Query_ids and reference_ids fields in hdf5

Could you please provide more info on “query_ids” and “reference_ids” fields in hdf5? It seems they are not being filled in the benchmark examples. The documentation for the contest says that these fields should contain IDs of the corresponding images, but it also says IDs should be sorted. Do we need to fill these fields? If so, could you please specify the format of this IDs (e.g. string or int) or provide and example of how to fill them for rand case.

import h5py
import numpy as np

M_ref = np.random.rand(1_000_000, 256).astype('float32')
M_query = np.random.rand(50_000, 256).astype('float32')
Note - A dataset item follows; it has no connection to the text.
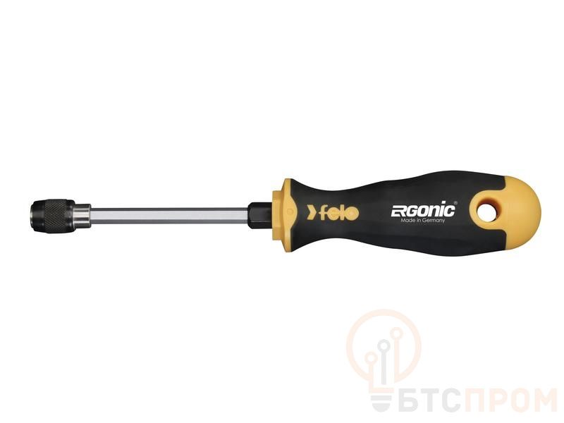Отвертка Felo с шестигранным стержнем и наконечником битодержателем предназначена для работ с крепежом различного типоразмера за счет возможности применения коротких или длинных бит с хвостовиком 1/4". Надежная фиксация бит обеспечивается наличием специального удерживающего механизма на наконечнике. На стержне имеется шестигранная гайка для придания дополнительного усилия ключом. Рукоятка ERGONIC - первая в мире бесшовная рукоятка, которая адаптируется под руку любого пользователя, снижает нагрузку и утомляемость, а также увеличивает комфорт и максимальный крутящий момент. Продуманный дизайн рукоятки не позволяет инструменту скатываться с поверхности. Внешнее покрытие рукоятки имеет высокую устойчивость к царапинам и ГСМ. Длина стержня 110 мм. Общая длина 216 мм.

out = OUT_DIR / "fb-isc-submission.h5"
with h5py.File(out, "w") as f:
    f.create_dataset("query", data=M_query)
    f.create_dataset("reference", data=M_ref)
    f.create_dataset('query_ids', data=qry_ids) #<-------
    f.create_dataset('reference_ids', data=ref_ids) #<-------

Welcome, evgenity! Good question – we should have included a couple more lines in that example than we did.

You do need to include these ID datasets in the submitted hdf5 file. The data type will be strings, since the IDs include a ‘Q’ or ‘R’ prefix.

Here are two lines that would create a valid submission:

qry_ids = ['Q' + str(x).zfill(5) for x in range(50_000)]
ref_ids = ['R' + str(x).zfill(6) for x in range(1_000_000)]

Thanks for pointing this out. I’ll also add the above lines to the website so it will be more clear for the next person.

Hi @evgenity, to add some more detail in response to your question:

The code that @dd-mike provided does indeed generate valid ID arrays. (In fact, we use code like that in various places for competition administration.) However, we recommend against directly using that code when creating your HDF5 submission file. Instead, we recommend you generate your ID arrays using a process that will correspond to the order in which you load and/or process the image files. The purpose of having competitors include the ID arrays is as a check that your descriptor vectors are in the correct order. That check doesn’t work if you generate the ID arrays independently of how you process your data.

As an example of one way you might generate the ID array for the query images:

from pathlib import Path

query_image_paths = sorted(Path("data/raw/query_images").iterdir())
#> [ PosixPath('data/raw/query_images/Q00000.jpg'),
#>   PosixPath('data/raw/query_images/Q00001.jpg'),
#>   PosixPath('data/raw/query_images/Q00002.jpg')]

query_ids = [path.stem for path in query_image_paths]
#> ['Q00000', 'Q00001', 'Q00002']

Created at 2021-06-30 17:58:34 MDT by reprexlite v0.4.2

In this example, the file paths in query_image_paths correspond directly with query_ids. If you process your images in the order that they are in query_image_paths, then you’ll know that you have both your descriptor vectors and your query IDs in the same and correct order. This is a useful way to catch errors; for example, if you left out sorted in the above code snippet, iterdir() by itself will yield paths in an arbitrary unsorted order. Your query_ids would also be in the same unsorted order, and we’d be able to catch that when you submit your file to the competition.

The code using zfill in the previous response can still be quite useful if you want to write your own validation step to check whether your HDF5 submission has the correct ID values in the correct order.